= FIN 46 =

US accounting standard interpretation

FIN 46, Consolidation of Variable Interest Entities, was an interpretation of United States Generally Accepted Accounting Principles (U.S. GAAP) published on January 17, 2003, by the U.S. Financial Accounting Standards Board (FASB) that made it more difficult to remove assets and liabilities from a company's balance sheet if the company retained an economic exposure to the assets and liabilities. One of the main reasons FIN 46 was issued as an interpretation instead of an accounting standard was to issue the standard in a relatively short period of time in response to the Enron scandal.

==Origins==
FIN 46 was an interpretation of ARB 51, an accounting principle issued in August 1959 defining the situations where Consolidated Financial Statements must be prepared. Whenever a company has a controlling financial interest in another entity it must consolidate the assets and liabilities of the other entity—that is, it must add the assets and liabilities of the other entity to its own, canceling any intercompany interests. The traditional ARB 51 approach assumed that equity—usually common stock—would receive the residual economic interest generated by a business, which is why ARB 51 focuses on equity-based majority voting interests. The traditional criterion for a controlling financial interest under ARB 51 is a majority voting interest. In the 1980s and 1990s it became common for companies to control assets in certain businesses without maintaining a majority voting interest in those businesses. This was more often done with securitizations rather than traditional limited liability corporations, because the securitization's common stock or other voting interests could be paid defined, limited amounts and all other cash flows could be directed to other security holders. Until FIN 46 was implemented, this enabled companies to avoid consolidation, which permitted them to keep the liabilities and losses of their controlled special purpose entities off of their financial statements. In such cases, consolidation based on equity did not serve the purpose of effective reporting because it does not reflect the true nature of relationships among entities.

==VIEs and Deconsolidation==
FIN 46 closed this loophole by defining tests to identify a controlling financial interest beyond formal equity ownership and voting rights. This is important in cases where the legal equity is insignificant or at least somewhat irrelevant from the viewpoint of risk/rewards. The new rules emphasize the substance of relationships among entities, rather than emphasizing the form of relationships among entities (such as a majority voting interest), which can be more easily manipulated.

Under FIN 46, the first step is to determine if a company has a variable interest in another entity. In general terms, a variable interest is an interest in an entity that increases and decreases in value (i.e., is variable) according to increases and decreases in the expected cash flows from the entity's assets and liabilities. Once a variable interest is established, the second step is to determine who is the primary beneficiary of the variable interest entity (or "VIE"). The primary beneficiary is the entity, if any, that holds the majority of the risks and rewards associated with the VIE. Once a primary beneficiary is identified, it is deemed to have a controlling financial interest in the VIE and must consolidate the VIE onto its financial statements, whether or not it holds a majority voting interest.
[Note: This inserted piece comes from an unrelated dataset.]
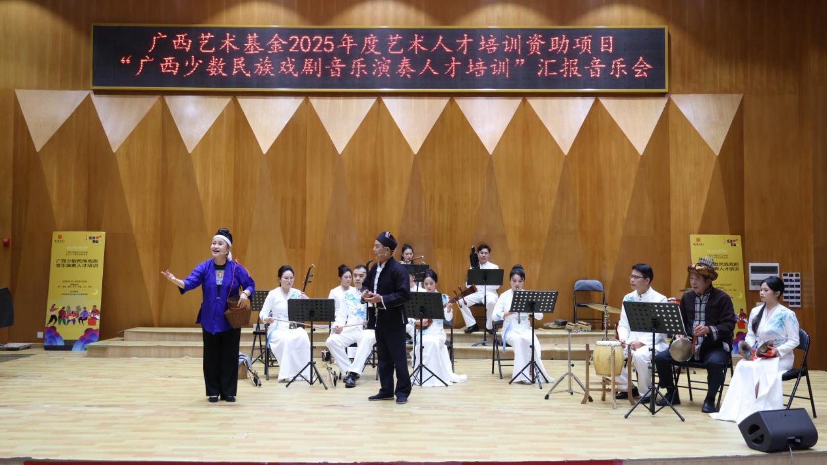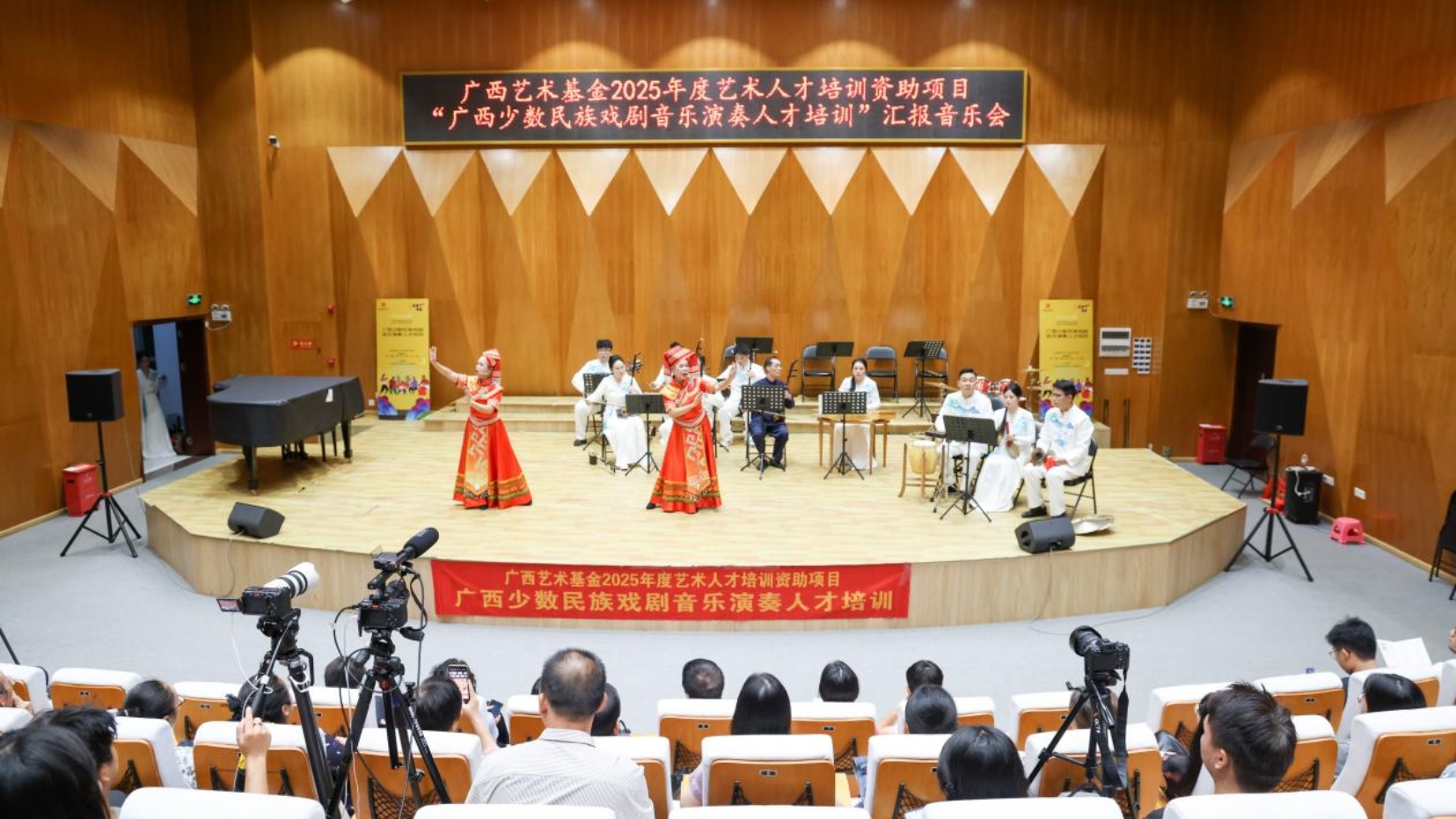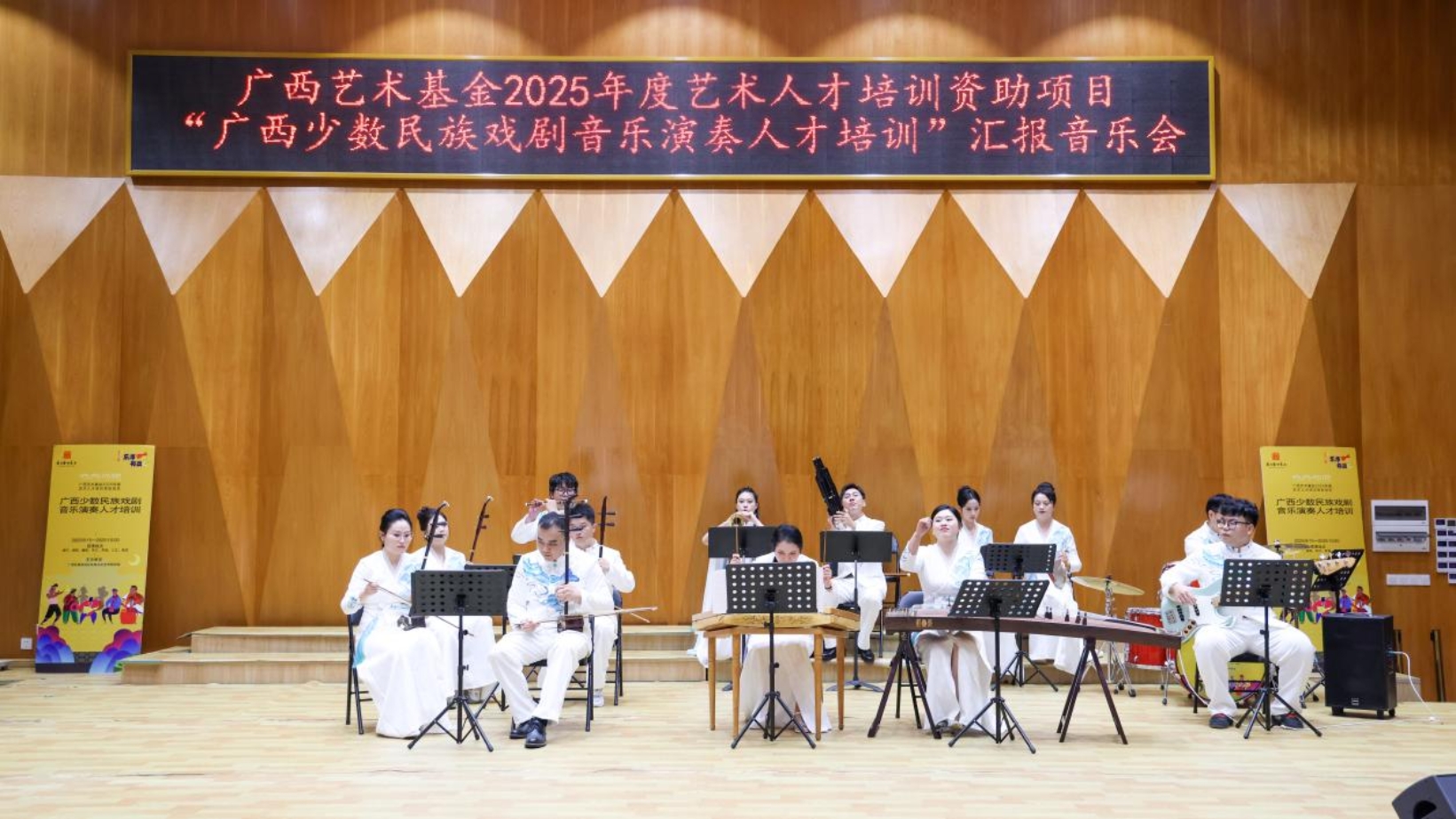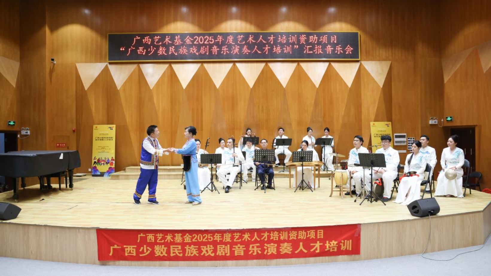 “乐海有戏——广西少数民族戏剧音乐演奏人才培训”汇报音乐会,是对此次培训成果的一次现场检阅与综合呈现。15名学员与广西少数民族戏剧的资深演员、乐师们携手合作,让平日里难得一见的广西少数民族戏剧齐聚邕城,吸引了众多目光,唤起了人们对民族戏剧传承与发展的广泛关注。

When FASB first began working on FIN 46, it focused on special purpose entities such as the entities Enron used. FASB then recognized that the principles of FIN 46 should apply to all entities where a variable interest exists, so the final interpretation was broader than the original objective. Also, in a securitization, if a party selling assets to a VIE maintains an ongoing involvement with those assets (for example as a swap counterparty to the VIE with respect to asset cashflows) then Financial Accounting Standard 140 (FAS 140), which deals with de-recognition of assets upon transfer to a special purpose entity, will also be relevant.

==Replacement==
FIN 46 was revised by FIN 46(R) on December 24, 2003 which, among other things, defined in more detail the calculation of an entity's economic risks and rewards, which party must consolidate a variable interest entity, and when a consolidation or deconsolidation should be reconsidered. FIN 46R was then replaced by a new accounting standard, FASB Statement 167, in June 2009, after the 2008 financial crisis.